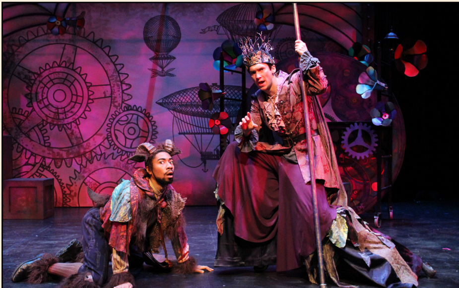
Oberon conspires with Puck in the 2019 touring production of A Midsummer Night's Dream .

For centuries, fairies were a source of fear and anxiety for many communities. These beings were believed to be forces of nature, fiendish creatures that were sometimes seen as little different than the demons of hell. Fairies were blamed for all kinds of mishaps, from a freak storm that destroyed the crops to a “spooked” horse that threw its rider. At best, their behavior towards humans was prankish, at its worst,
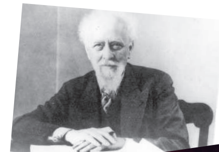
Jean Baptiste Perrin (above) provided a new understanding of Robert Brown's notion of random motion.
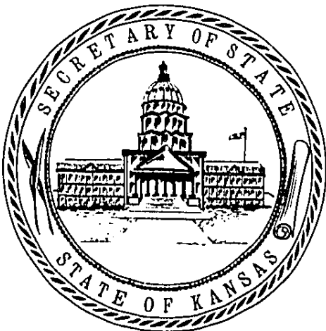
RON THORNBURGH SECRETARY OF STATE

In testimony whereof: I hereto set my hand and cause to be affixed my official seal. Done at the City of Topeka, this 19th day of September, A.D. 1997
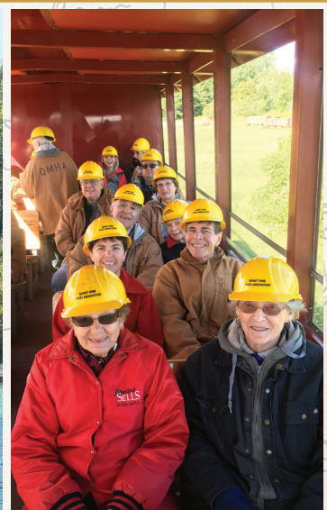
Quincy Mine here we come!
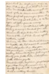
M. Hall's Notes on Congregational Church History pg. 6 (Coll. 003 Fold. 063 Doc. 006)
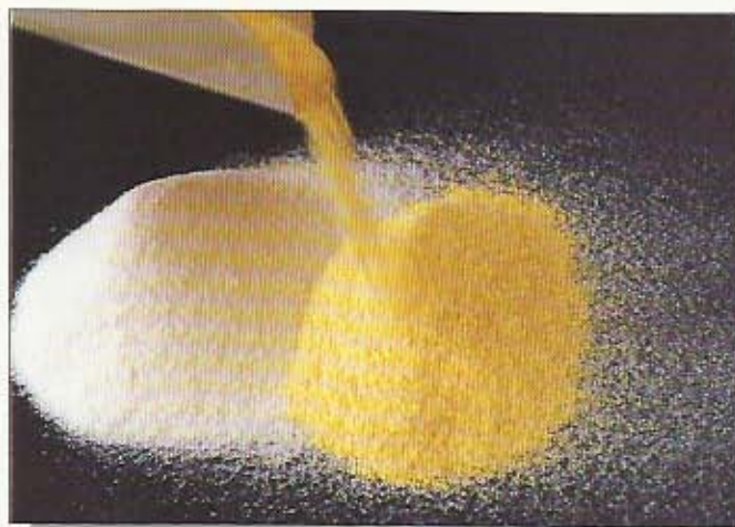
Microencapsulated palm oil based products.

There are numerous techniques of producing microcapsules. The choice, to a great extent, depends on the core material to be treated. The most common technique for oils and fats is spray drying which produces fine oils or fats powders. The spray drying process is economical and flexible, requires equipment that is readily available, and produces products of good quality.
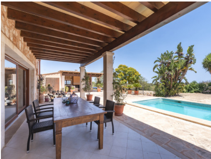
Dining area by the pool
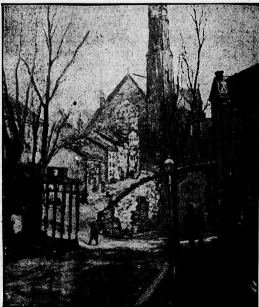
STREET IN MANAYUNK AS IT APPEARS ON CANVAS One of the interesting paintings of Philadelphia at the Academy of the Fine Arts exhibition, painted by C. Joseph Warlow.
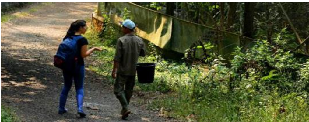
A sunny morning stroll to feed the animals!
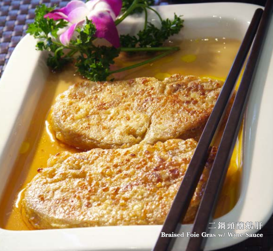
二鍋頭釀鵝肝 Braised Foie Gras w/ Wine Sauce
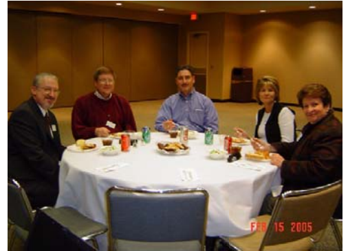
Chapter members enjoying lunch
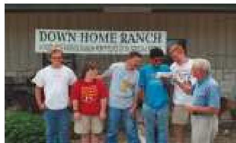
Ranchers look on at a $620,000 check from the Dodge Jones Foundation. These funds will be used to build the Enterprise Center, two Rancher homes, a staff cottage, swimming pool and Fitness Center

Perfect Challenge funds are restricted to capital expenditures, they are not for day-to-day operating costs. Our operating budget is going to rise with each new structure so we will be redoubling our efforts in asking all who love Down Home Ranch to rally to support our mission of serving those with special needs.
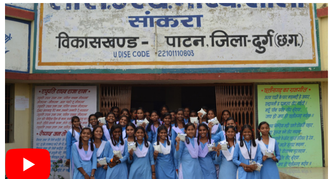
Sewa LEAD students empowering Girl students in India
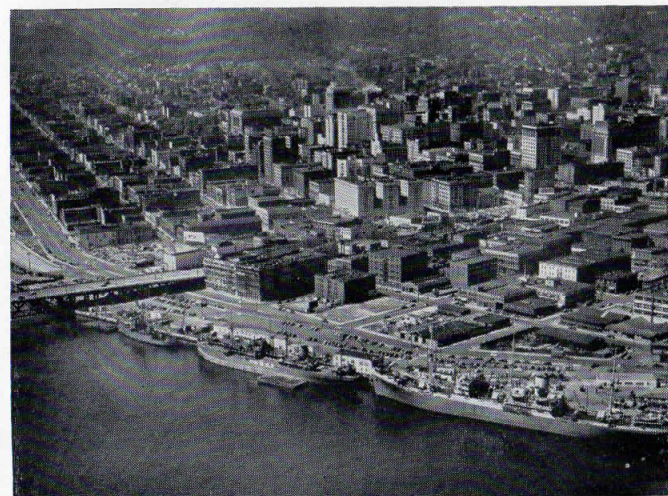
Portland—the Rose City
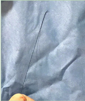
GLIDEWIRE ADVANTAGE TRACK™ pre-procedure

Typically, many doctors use the Boston Scientific V-18™ ControlWire™ Guidewire but the 0.018" GLIDEWIRE ADVANTAGE TRACK™ wire offers so much more. GLIDEWIRE ADVANTAGE TRACK™ wires give you the power and pushability needed to navigate and cross complex, multi-focal CTOs, maintain access, and deliver interventional devices, whereas V-18™ gets trashed in those types of procedures.
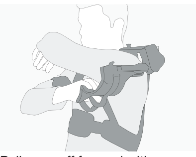
Pull arm cuff forward with opposite arm and place arm in arm cuff.
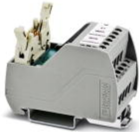
VARIOFACE Professional (VIP) board for the ROC800 controller

Please be informed that the data shown in this PDF Document is generated from our Online Catalog. Please find the complete data in the user's documentation. Our General Terms of Use for Downloads are valid ( http://phoenixcontact.com/download )
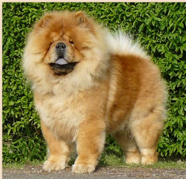
figure in this vast project. He is the one to contact, for all matters regarding ‘The World of Chows’; delivering copy, placing adverts, buying books, everything.

In principle a correspondent has been appointed in every country. Your fellow countryman is the key
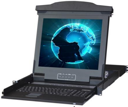
↑ (USB Port for device access)

The Anno range of LCD console drawers provide a variety of features that simplify to access servers to making system monitoring, troubleshooting and software upgrades.
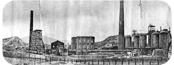
Cleator Moor Iron Ore Works
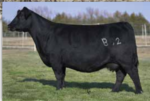
B52 // DAM TO LOT 13

BREED // HIGH MAINE 3/4 ANGUS 1/4 REGISTRATION // PENDING
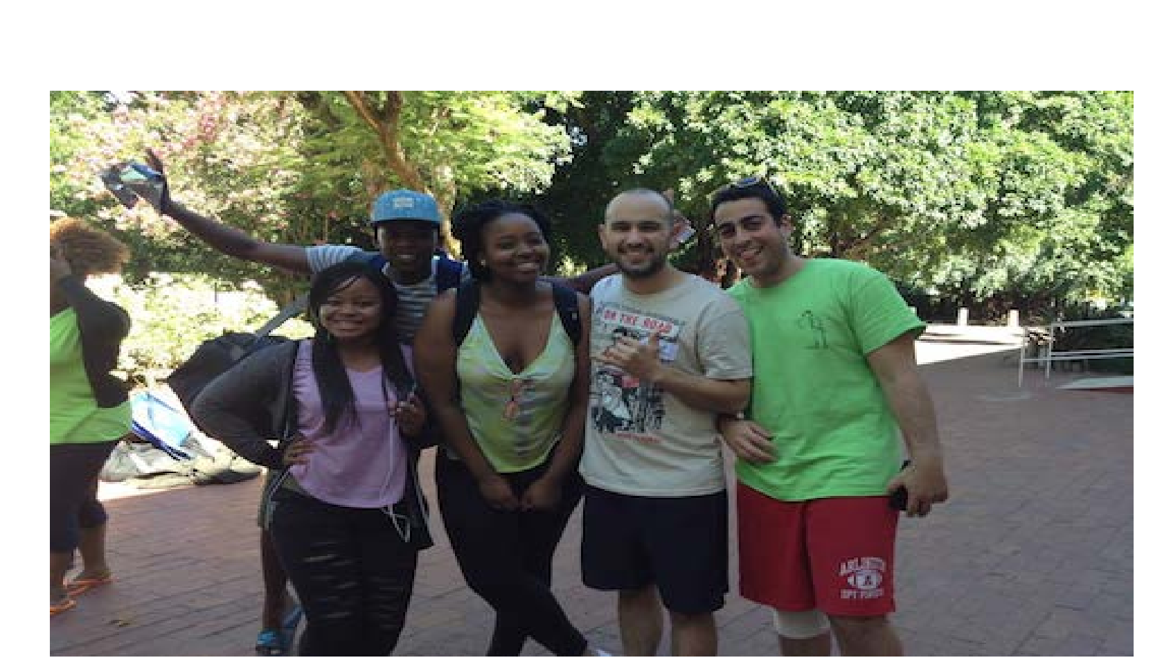
At the HIV/AIDS Peer Educators' Retreat with UWC Students

In Spring 2014, students are volunteering at Boston Living Center and Fenway Health.
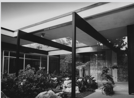
Historic view of entry by Julius Shulman. © J. Paul Getty Trust. Used with permission. Julius Shulman Photography Archive, Research Library at the Getty Research Institute (2004.R.10).

The sale price was reported as $12.8 million, though the name of the buyer had not been disclosed as of press time. As details unfold, we will post updates on our website at laconservancy.org .
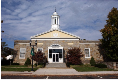
The Historical Society of Harford County, Inc., headquarters.
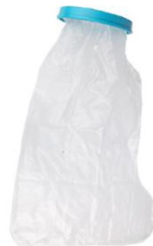
Ozone bag for half leg
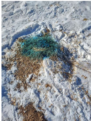
Mechanical Removal of weeds
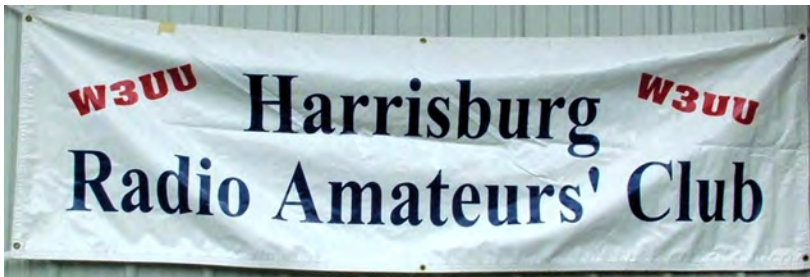
Ahh... those wee hours before...

The July Firecracker and Convention, 3 July, was an immense, overflowing, success! A more full report can be heard at the next meeting of the Club, 11 August.
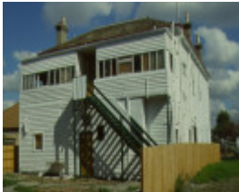
Arundel Ross Street Coburg Rear 2001
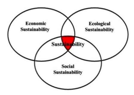
Figure 4.Sustainability triangle/diagrams showing the three overlapping components of sustainability (redrawn [23])

Vean is as a part of cultural institution in Maluku, especially for the customary people in Ohoi Disuk, in the utilization and management of biological natural resources and marine biota. Vean is not only used to meet the economic needs, but also to preserve the continuation of marine life and human life as supporters and to create a harmonious social life. In the view of local community, the marine ecosystem is the pulse of human life because the sea is the source of life and plays a role in improving the economy of the community. Thus, the sea must be protected [13]. Vean is a concrete form of efforts by customary people in protecting the marine ecosystem. People believe that the marine ecosystem has a number of very large role in supporting sustainable living for the lives of customary people and their supporting environment in the circle of sustainability. Figure 4 shows the sustainable living model is a nest model that covers economic, social, and ecological fields [23].
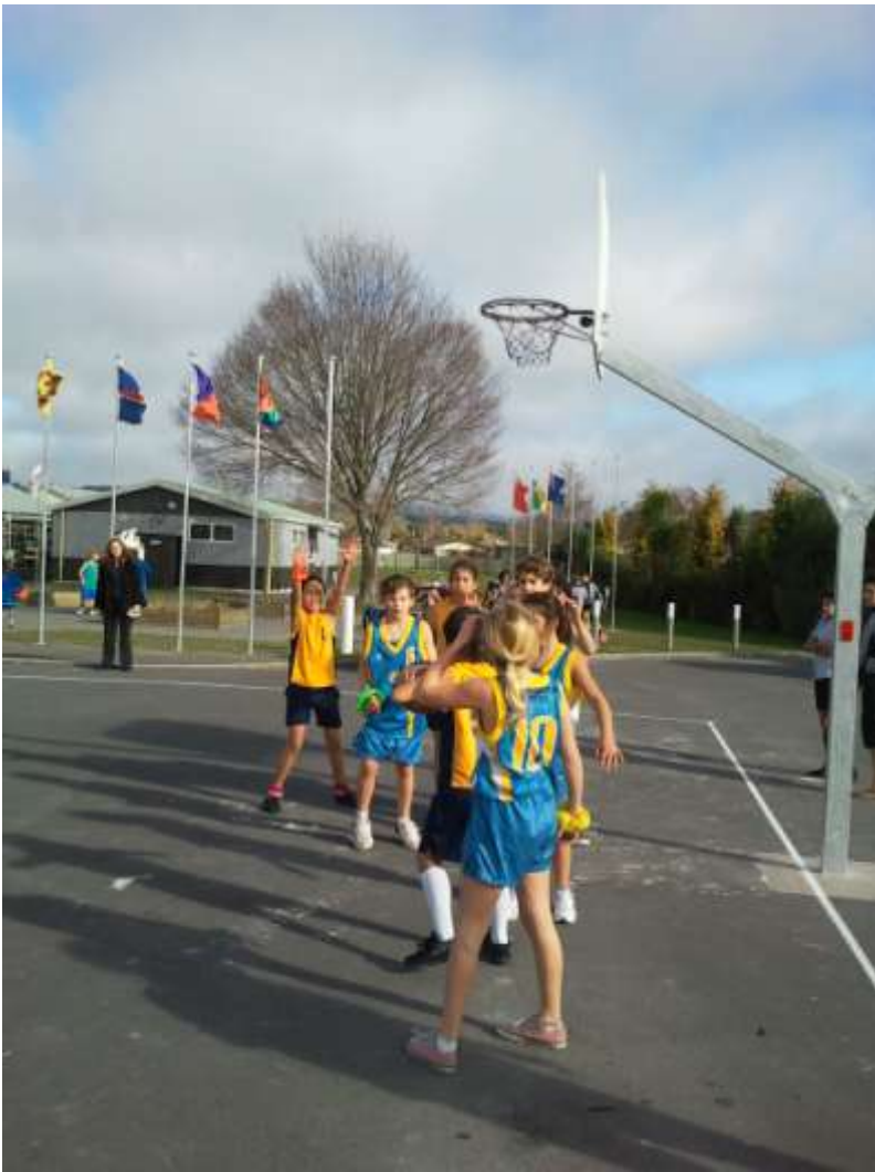
Pictured are Our miniball team playing against Westbrook Primary School yesterday at Rotorua Intermediate. We won 36-12.
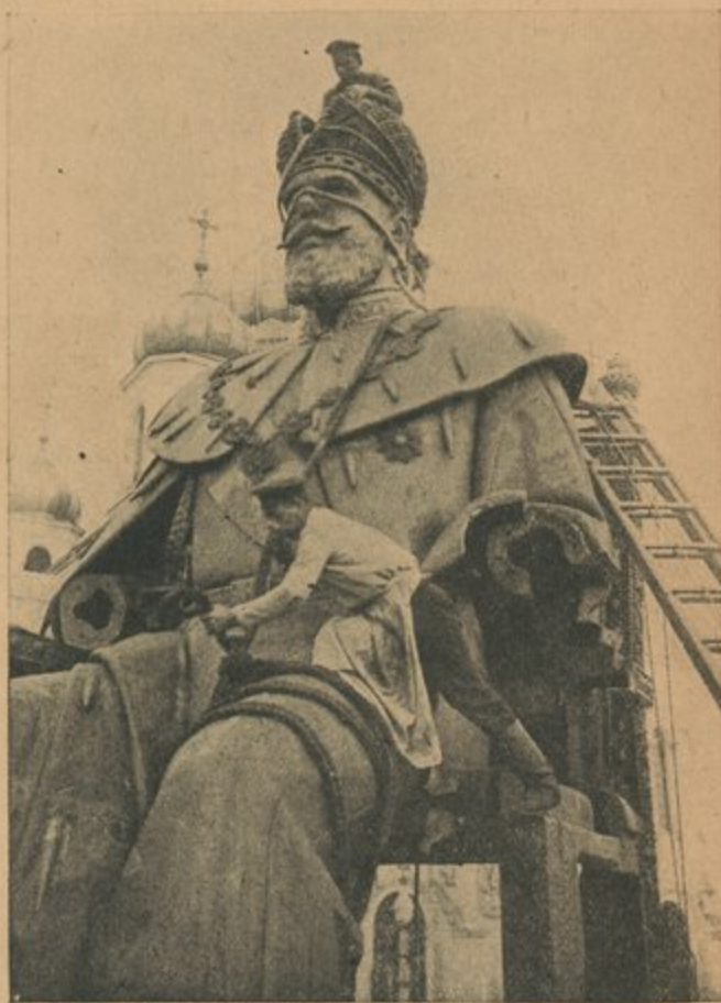
2. Bolshevik iconoclasm gets to work

I have not been a shoemaker myself, but I have to provide
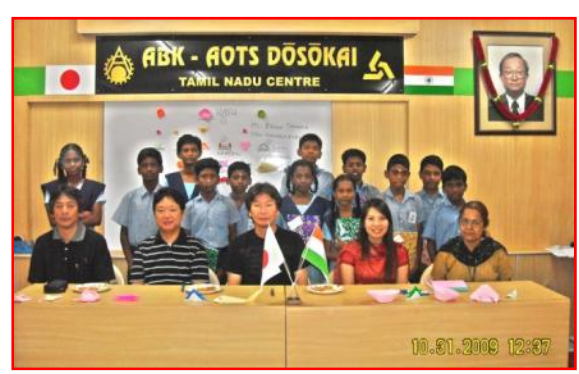
Judges, Demonstrator along with Winners of the Origami Competition
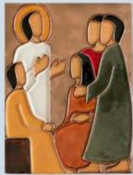
The Proclamation of the Kingdom

Work to complete
Print the data exactly, from its first line to the line containing "A sunny morning stroll to feed the animals!", both included. Omit the pictures.

Response to this exercise
Oberon conspires with Puck in the 2019 touring production of A Midsummer Night's Dream .

For centuries, fairies were a source of fear and anxiety for many communities. These beings were believed to be forces of nature, fiendish creatures that were sometimes seen as little different than the demons of hell. Fairies were blamed for all kinds of mishaps, from a freak storm that destroyed the crops to a “spooked” horse that threw its rider. At best, their behavior towards humans was prankish, at its worst,
Jean Baptiste Perrin (above) provided a new understanding of Robert Brown's notion of random motion.
RON THORNBURGH SECRETARY OF STATE

In testimony whereof: I hereto set my hand and cause to be affixed my official seal. Done at the City of Topeka, this 19th day of September, A.D. 1997
Quincy Mine here we come!
M. Hall's Notes on Congregational Church History pg. 6 (Coll. 003 Fold. 063 Doc. 006)
Microencapsulated palm oil based products.

There are numerous techniques of producing microcapsules. The choice, to a great extent, depends on the core material to be treated. The most common technique for oils and fats is spray drying which produces fine oils or fats powders. The spray drying process is economical and flexible, requires equipment that is readily available, and produces products of good quality.
Dining area by the pool
STREET IN MANAYUNK AS IT APPEARS ON CANVAS One of the interesting paintings of Philadelphia at the Academy of the Fine Arts exhibition, painted by C. Joseph Warlow.
A sunny morning stroll to feed the animals!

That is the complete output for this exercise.